Severity ratings can be used to allocate the most resources to fix the most serious problems and can also provide a rough estimate of the need for additional usability efforts. If the severity ratings indicate that several disastrous usability problems remain in an interface, it will probably be unadvisable to release it. But one might decide to go ahead with the release of a system with several usability problems if they are all judged as being cosmetic in nature.

The severity of a usability problem is a combination of three factors:

  • The frequency with which the problem occurs: Is it common or rare?
  • The impact of the problem if it occurs: Will it be easy or difficult for the users to overcome?
  • The persistence of the problem: Is it a one-time problem that users can overcome once they know about it or will users repeatedly be bothered by the problem?

Finally, of course, one needs to assess the market impact of the problem since certain usability problems can have a devastating effect on the popularity of a product, even if they are "objectively" quite easy to overcome. Even though severity has several components, it is common to combine all aspects of severity in a single severity rating as an overall assessment of each usability problem in order to facilitate prioritizing and decision-making.

The following 0 to 4 rating scale can be used to rate the severity of usability problems:

0 = I don't agree that this is a usability problem at all
1 = Cosmetic problem only: need not be fixed unless extra time is available on project
2 = Minor usability problem: fixing this should be given low priority
3 = Major usability problem: important to fix, so should be given high priority
4 = Usability catastrophe: imperative to fix this before product can be released

Severity Ratings in Heuristic Evaluation

It is difficult to get good severity estimates from the evaluators during a heuristic evaluation session when they are more focused on finding new usability problems. Also, each evaluator will only find a small number of the usability problems, so a set of severity ratings of only the problems found by that evaluator will be incomplete. Instead, severity ratings can be collected by sending a questionnaire to the evaluators after the actual evaluation sessions, listing the complete set of usability problems that have been discovered, and asking them to rate the severity of each problem. Since each evaluator has only identified a subset of the problems included in the list, the problems need to be described in reasonable depth, possibly using screendumps as illustrations. The descriptions can be synthesized by the evaluation observer from the aggregate of comments made by those evaluators who had found each problem (or, if written evaluation reports are used, the descriptions can be synthesized from the descriptions in the reports). These descriptions allow the evaluators to assess the various problems fairly easily even if they have not found them in their own evaluation session. Typically, evaluators need only spend about 30 minutes to provide their severity ratings. It is important to note that each evaluator should provide individual severity ratings independently of the other evaluators.

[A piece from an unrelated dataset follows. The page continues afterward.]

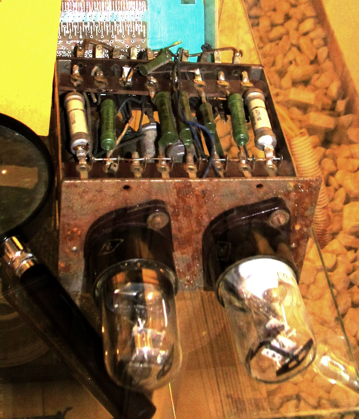 Flip-flop with vacuum tubes of MECIPT-1 at Museum of Banat, Timișoara.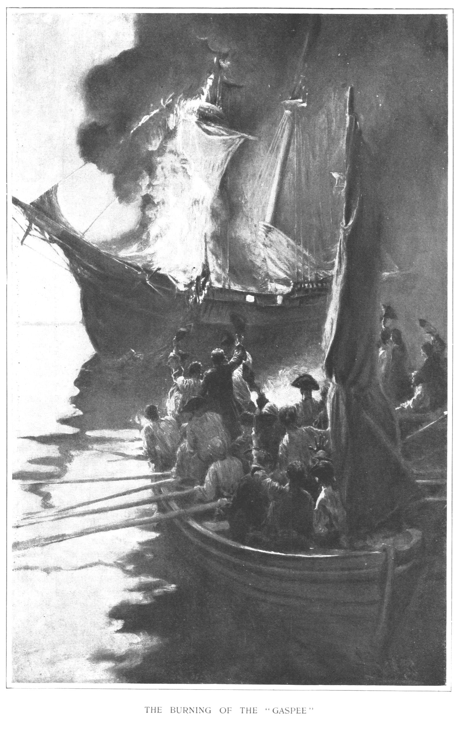 Engraving depicting the burning of the Gaspee.

Often, the evaluators will not have access to the actual system while they are considering the severity of the various usability problems. It is possible that the evaluators can gain additional insights by revisiting parts of the running interface rather than relying on their memory and the written problem descriptions. At the same time, there is no doubt that the evaluators will be slower at arriving at the severity ratings if they are given the option of interacting further with the system. Also, scheduling problems will sometimes make it difficult to provide everybody with computer access at convenient times if special computer resources are needed to run a prototype system or if software distribution is limited due to confidentiality considerations.

My experience indicates that severity ratings from a single evaluator are too unreliable to be trusted. As more evaluators are asked to judge the severity of usability problems, the quality of the mean severity rating increases rapidly, and using the mean of a set of ratings from three evaluators is satisfactory for many practical purposes.